The characters that one meets in bars around the world are truly fascinating. Indeed, I have met many friends in this manner. This most recent international “freakspotting” was in Taipei, where Antonio works in my favourite bar. This is a friendly bar and one of the best in town – everyone likes meet up here with friends and to chat with the hospitable staff. Antonio, the manager, is a dashing Indian in his mid-thirties with an adventurous epic to tell that would make Homer’s The Odyssey seem like a dreary high school writing task.
“You should know that I work here only because I love it. My income really comes from my investments.” This is Antonio’s first line to his unsuspecting victims. Apparently after school he inherited his father’s $10 million property, completed a Master’s degree in psychology… then decided to work as a waiter. He was looking forward to retirement in 3 years.
With his fluent English, good looks and the confidence of a billionaire supermodel, Antonio sold his story all over town. He dazzled customers with his fine cocktails, fascinating tales and financial advice. Even more amazing was the fact that he did everything so well: top of the class at Oxford, Ritz Carlton’s Employee of The Year and World’s Best Dad to his baby girl. The ex-fiance and baby’s mum was on friendly terms with him. He even took care of his own mother at home.

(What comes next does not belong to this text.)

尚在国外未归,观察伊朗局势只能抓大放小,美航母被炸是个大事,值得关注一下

Any friendly female who was dopey enough to befriend Antonio was invariably the victim of constant attention. I was of the lucky ladies who caught the sorcerer’s eye. Some people call it “stalking” but not this man – of course not. He would never harass a woman. He was merely showering particular ladies with unrelenting attention, bestowing upon her the chance of future happiness with an A-lister.
Unfortunately, he also liked to send naked photographs for himself. Grotesque, disturbing naked pictures which were very unattractive. For a handsome man, Antonio was surprisingly hideous in his natural state. I was quite alarmed to receive such photos. He has the body of a dropped duvet: everything seems to sag into one big sack of skin. The “attention” received by him was, however flattering, quite exhausting after about a week. Antonio often took things a little too far. It’s the marriage proposal after 3 weeks of acquaintance that pushes most of his admirers over the edge.

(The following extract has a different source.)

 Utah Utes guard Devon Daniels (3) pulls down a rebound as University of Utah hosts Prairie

There were some things about Antonio that didn’t quite add up. He had cheap veneers on his three front teeth, which looked as if they’d been purchased in a novelty shop – maybe they’d been broken during a fight in a Chinese prison. His cheesy tattoos could have been the handiwork of a fellow inmate at a correctional centre. A friend of mine made the observation that he is rather like a duck, working so hard underneath to make everything look calm on the surface. Antonio, although friendly, had a frightening temper which reared its ugly head whenever he had a hangover or a fight with his “ex-fiance” – he started taking days off work and eventually collapsed on his break. He started to take several days off work… then would turn up with what appeared to look/smell like a hangover.
Apparently he went for numerous tests, although we never found out the exact diagnosis. Antonio started hinting at cancer and the fact that he had only a few months to live and therefore there was to focus on the only thing in the world that really mattered: himself. Everyone was to respect the wishes of Saint Antonio The Sick And Dying Bartender lest they were to be screamed at and refused service. All gifts and offerings were gratefully accepted.
I’ve nothing but respect for a good storyteller, an art I’ve tried to perfect for many years. Antonio, in the tradition of Homer, C.S Lewis and J.K Rowling tells a fine story indeed. It’s hard to know whether to applaud such talent or to suggest an extreme personality disorder. The truth of Antonio’s journey is not glamourous and inspires a sympathy in me that he would despise.
Antonio is an Indian immigrant with little education. He’s never managed to hold a job for any length of time, is shunned by frightened former colleagues. This unfortunate character is actually married to his “ex-fiance” and seems to collect ex-wives, whose relationships all appear to overlap. There are also at least 4 daughters floating around. It’s hard to say if he has any more because everyone has different information. Sadly, Antonio is estranged from 3 of his children and denies their existence. There is no master’s degree, no Swiss passport, no family fortune. Worst of all, there are no friends. This man knows everyone but has bonds with none of them. The downside of being a fabulous spinner of tales is that such people are often labelled as “bullshit artists” by the general public.
One pleasant piece of news: Antonio has totally forgotten about his life-threatening cancer. His shaven hair and eyebrows have miraculously grown back. He is as healthy as a horse and happily making up new stories with which to amaze and amuse his customers, perhaps even snare another wife.